As I noted last post, all criminologists (including those hired by the plaintiffs in this very case!) agree that people from different cultures do indeed have different crime rates; the only disagreement is whether that behavior completely explains the conviction discrepency. Ergo, there is no consensus that the system is racist, and the very first threshold condition is not met.
Mind, all three must be met before it’s legitimate for judges to monkey with voting or legislating. The anointed reformers have already lost the argument (though not the case, alas, at least not yet). But in fact, they lose on both other points as well:
They failed to enumerate all the available options, or even all the obvious ones. For example, they didn’t suggest that each convicted felon’s case should be reviewed, and voting rights granted only where a significant likelihood exists that the convict was railroaded due to racial discrimination. Why should a white convict caught red-handed robbing a Tofu store have his voting rights restored? What does that have to do with the plaintiffs’ race-based theory of the case?
Finally, nobody has claimed, not even Patterico, that the majority judges weighed several options for dealing with the supposed racism within the justice system — then picked the least disruptive of them all.
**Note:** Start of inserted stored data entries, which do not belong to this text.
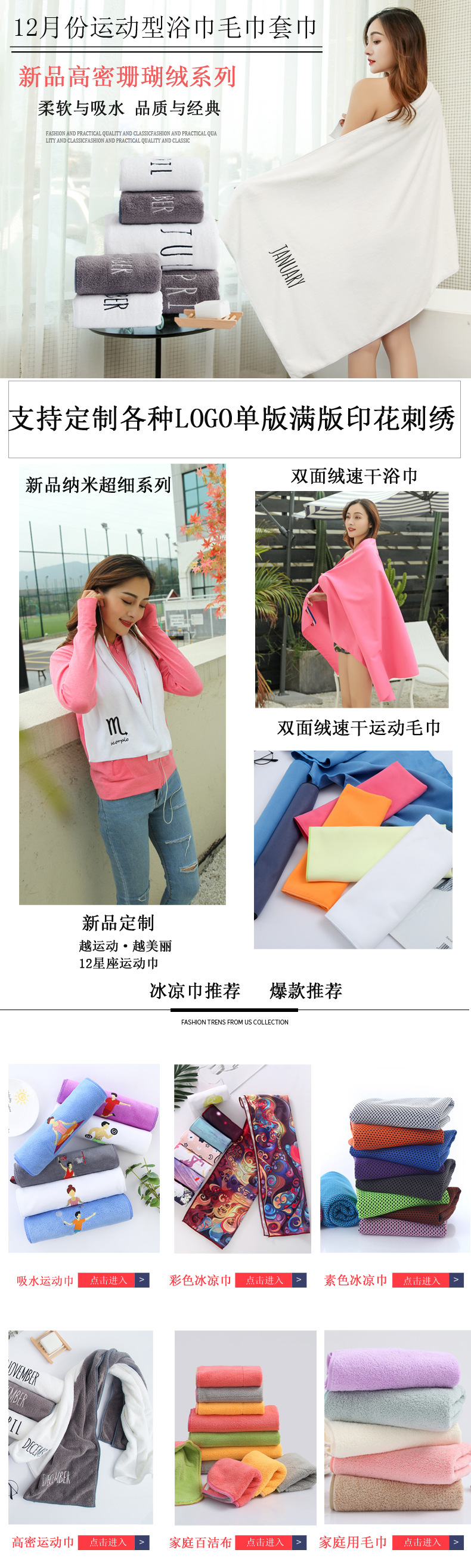 包装:(1)大包:毛巾1000-1200条/包;童巾3600-4000条/包;浴巾360条/包;(2)装箱:毛巾240条/箱;童巾800条/箱;浴巾60条/箱。
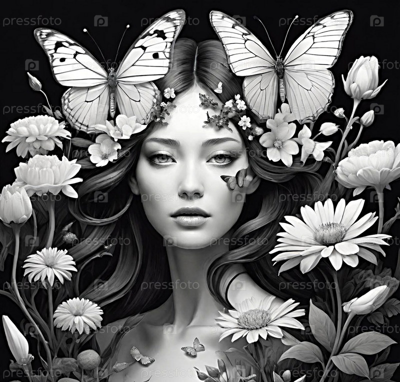 Женский образ, цветы и бабочки. граффити ИИ
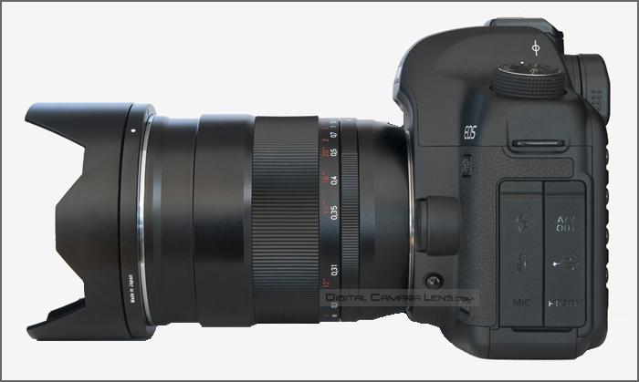 A continuación unas imágenes del objetivo en oblicuo, con parasol y montado en la cámara donde
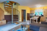 Das zweigeschossige Ferienhaus ist für bis zu vier Personen konzipiert und eignet sich sowohl für Familien als auch für Paare und Erholungssuchende. Im Erdgeschoss befindet sich das offene und helle Wohnzimmer, das durch komfortable Sitzgelegenheiten, einen Kaminofen für wohlige Wärme an kühleren Tagen sowie einen Flachbild-TV zum Verweilen einlädt.
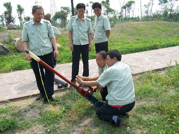 7月9日上午,省防汛抢险队在汾河滩演练抢险器材,交通部中国海洋工程公司的技术人员现场指导培训省防汛抢险队队员进行抛缆枪练习弹和实弹演练。
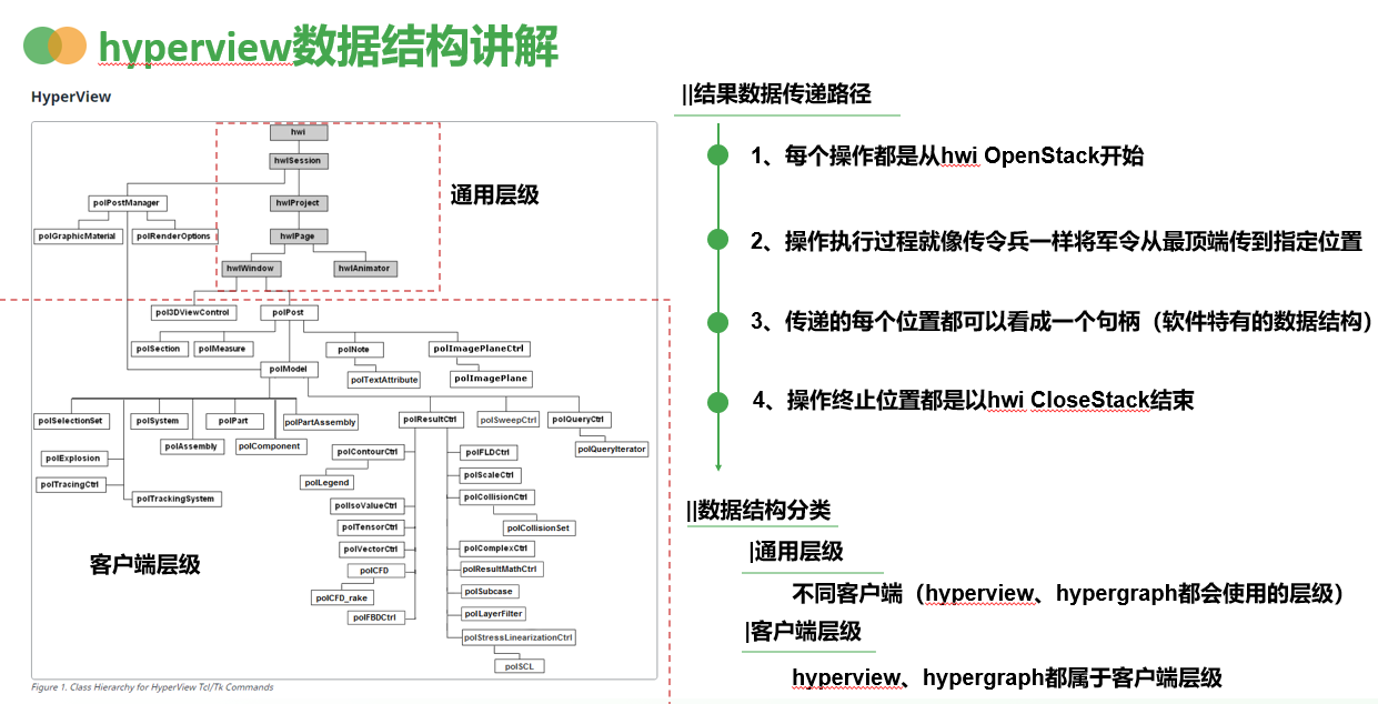 《Hyperview 二次开发入门教程》以 “夯实基础 - 掌握功能 - 落地应用” 为递进逻辑,系统覆盖 HyperView 二次开发全流程核心内容:先从底层的 HyperView 数据结构(明确层级关系与数据传递路径)讲起,逐步展开模型结果加载(解决数据入口问题)、工况与分析步管理(应对多场景数据处理),再深入核心功能开发,包括云图控制(定制化结果可视化)、模型标签(关键信息标注)、动画与变形模式(动态结果展示)、极值获取(自动化核心分析)、截图功能(批量结果导出),最后以页面布局和窗口类型(定制化工作界面)收尾,形成从理解软件逻辑到实现自动化后处理的完整能力链,帮助学习者逐步掌握代码化解决 HyperView 后处理重复操作、提升效率的实用技能。以下是课程具体安排:
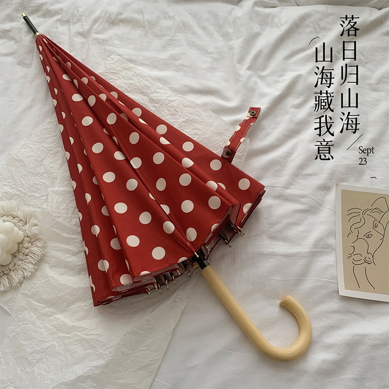 Ручка зонта из красного дерева в горошек мокко, зонт с длинной ручкой 16 карат
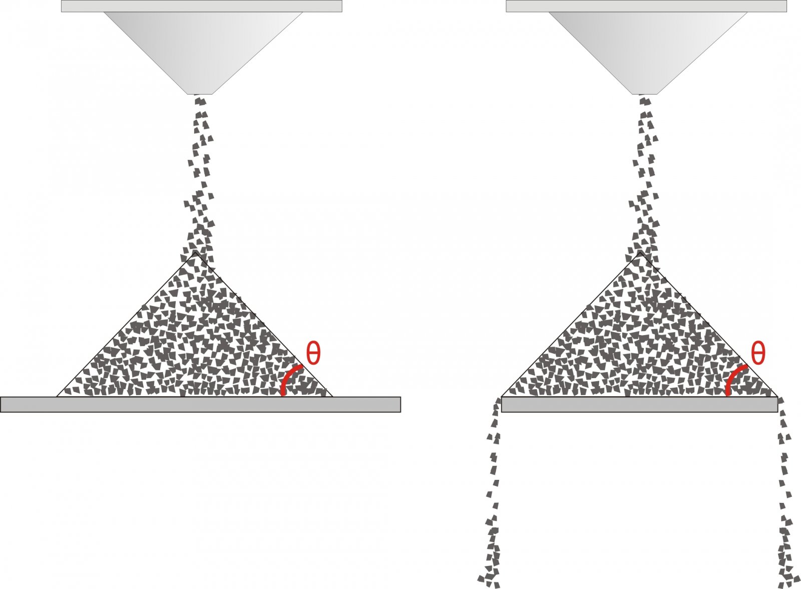 測量安息角有兩種方法,一種是注入角法,指從某一高度粉體注入到大的平板上所形成的錐體斜面的角度。另一種是排出角法,指將粉體注入到較小直徑的圓板上后當(dāng)粉體堆積到圓板的邊緣時,粉體開始從邊緣排出,此時圓板上粉體形成的堆積角為排出角。由于排除角法體積較小,操作簡便,因此實(shí)際測量安息角時常用排除角法。排除角法所用的的圓板直徑尺寸一般在80mm左右。
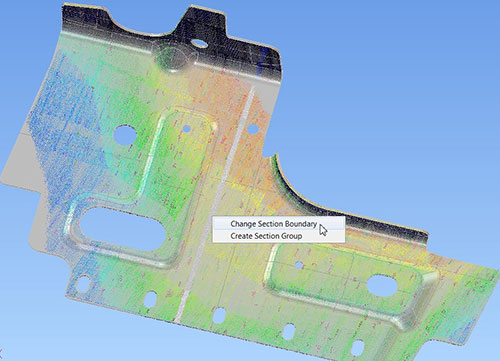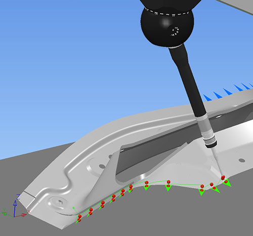 Возможности CAI-системы PowerINSPECT постоянно совершенствуются. Например, в 2013-й версии появилась поддержка двухстоечных КИМ с ЧПУ, применяемых в автомобильной промышленности на линиях кузовной сборки. В PowerINSPECT 2013 R2 был добавлен новый адаптивный метод контроля контура кромок листовых деталей на КИМ с ЧПУ, обеспечивающий улучшенный способ измерения тонкостенных пружинящих деталей, таких как штампованные металлические элементы кузова автомобиля, формованные изделия из композитных материалов и термоформованные пластиковые панели. Так как толщина измеряемой детали при этом соизмерима с диаметром сферы наконечника щупа, деформация детали может привести к тому, что КИМ с ЧПУ “промахнется” щупом мимо измеряемой кромки. Поэтому усовершенствованный метод предполагает последовательность контактных измерений в два касания. Первый замер выполняется на формообразующей поверхности детали вблизи измеряемой кромки и позволяет определить истинное положение формообразующей поверхности и прилежащей кромки детали. Второй замер делается непосредственно на кромке, после чего истинный размер кромки детали автоматически вычисляется на основе координат центра щупа и его диаметра.

I conclude a complete lack of parsimony; they jumped right to the most radical “remedy.”
See? I didn’t forget.
So the long and the short of it [hah, try and find the “short“!] is that I didn’t grapple with the specifics of the claims by the anointed reformers because it’s a dead-end detour; it has nothing to do with what’s so wrongheaded about this decision. The scheme is as old as dirt, and I figured out a long time ago that there is never any closure arguing with people like Professor Crutchfield: He’ll let you horse him around from one inconsistency to the next; then when you get tired and wander away, he’ll loudly declare victory.
I went straight for the rhetorical jugular, the unAmericanness and radical nature of this decision. I have no regrets.